Has Garneau resigned, or is he?

Today’s news is that Marc Garneau has withdrawn from the Liberal leadership race. Apparently, he believes that Justin Trudeau has an “insurmountable lead”. Sounds like a pretty defeatist “if you can’t beat ’em, join ’em” move, especially from a former astronaut. Fight, dammit! If this is truly Garneau’s character, then I’m glad he’s stepping out, but I don’t understand how he can throw his proverbial support behind a guy he has previously called an “untested high-flyer” who has “failed to offer solid policy proposals.” I think Garneau is right on both accounts.

What I really think has happened is a bit different. I think that Garneau withdrew from the race because he has lost faith in Liberals. He brought up some considerable, pointed, factual criticism of Justin Trudeau and yet people largely ignored it. Most Liberals seem to be faithfully sticking by Trudeau’s side; a side that is full of supporters but devoid of specifics and details.

I think that Garneau has resigned because he is resigned.

Dear Liberals, please don’t vote for a guy running to be Prime Minister just because he shares a name with a previous one. Can we be politically deeper than that, please? If you truly listen to what this Trudeau is proposing, it is shockingly empty. It lacks any measurable or reasonable substance. He is being vague in a time where we must be specific in our direction.

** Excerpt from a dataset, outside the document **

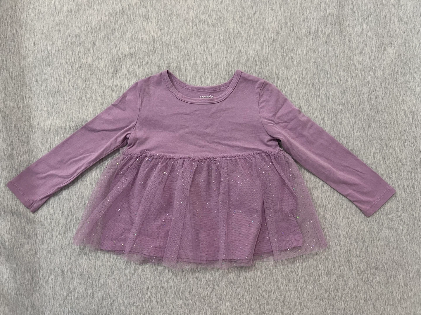 A cute purple long-sleeve top from Carter's featuring a tulle skirt with subtle sparkles. A barely noticeable stain spot in the front (as shown in the photo)

Please, Liberals, if you are going to vote for this guy, at least demand that he come clean about his plans, in a specific way. Otherwise, you are ensuring that the Liberals will remain irrelevant to the political landscape. How’s that, you ask? Because if you don’t vet your leader properly, the other parties – and the Canadian voters as a whole – will.

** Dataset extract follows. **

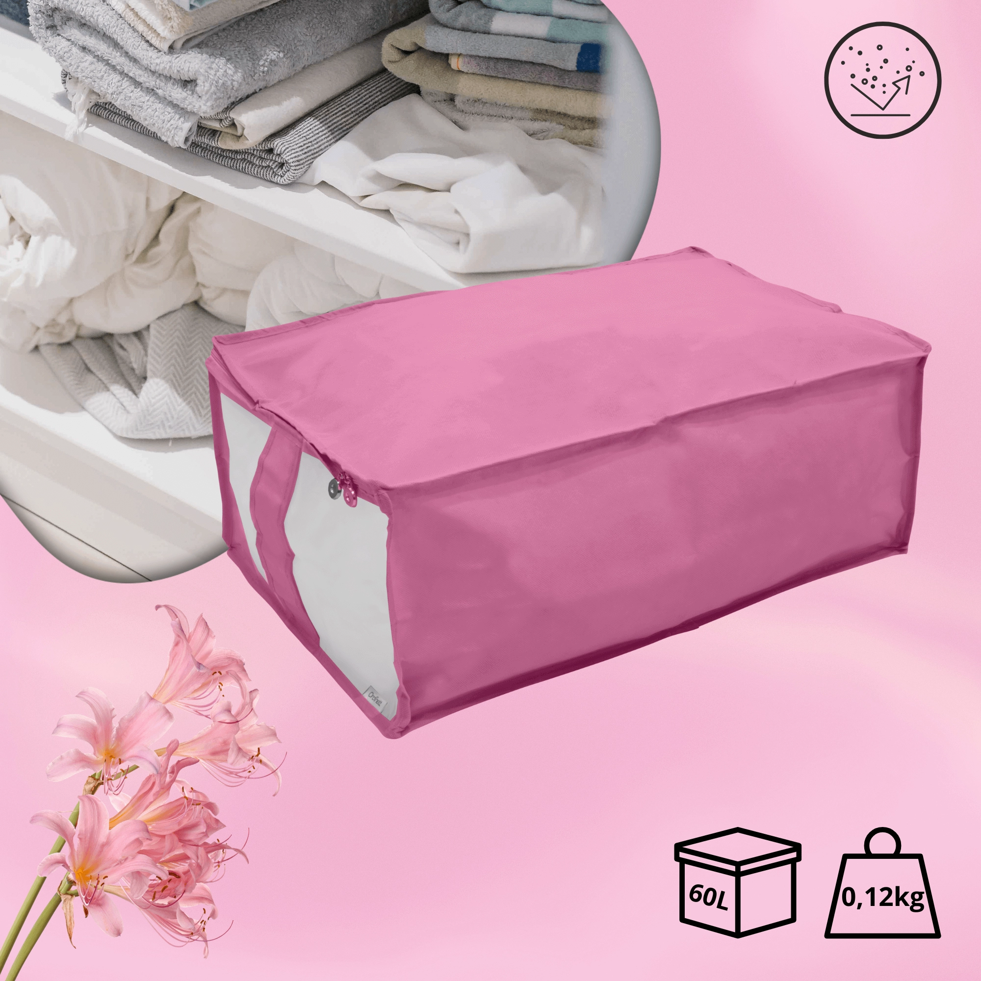 Metti ordine in armadio e camera da letto con il contenitore rosa KAMAI ORDINETT Blossom. Grazie al profilo basso si adatta perfettamente sotto il letto e protegge gli oggetti dalla polvere. La finestra trasparente consente un controllo immediato del contenuto senza aprire inutilmente.

Liberals: this is your time to shine. This is your time to show Canada that you are interested in putting your party back on a respectable track. Show Canada that you are more than just a name. Show Canada that you have turned a page, that you no longer believe you are entitled to anything, that you will work to serve Canadians and not yourselves, and that you will speak to what matters to our people rather than cutting corners and doing the right things rather than the easy things.

Ask the tough questions of your leadership candidates and raise the political bar within your party. A real comeback requires at least that much.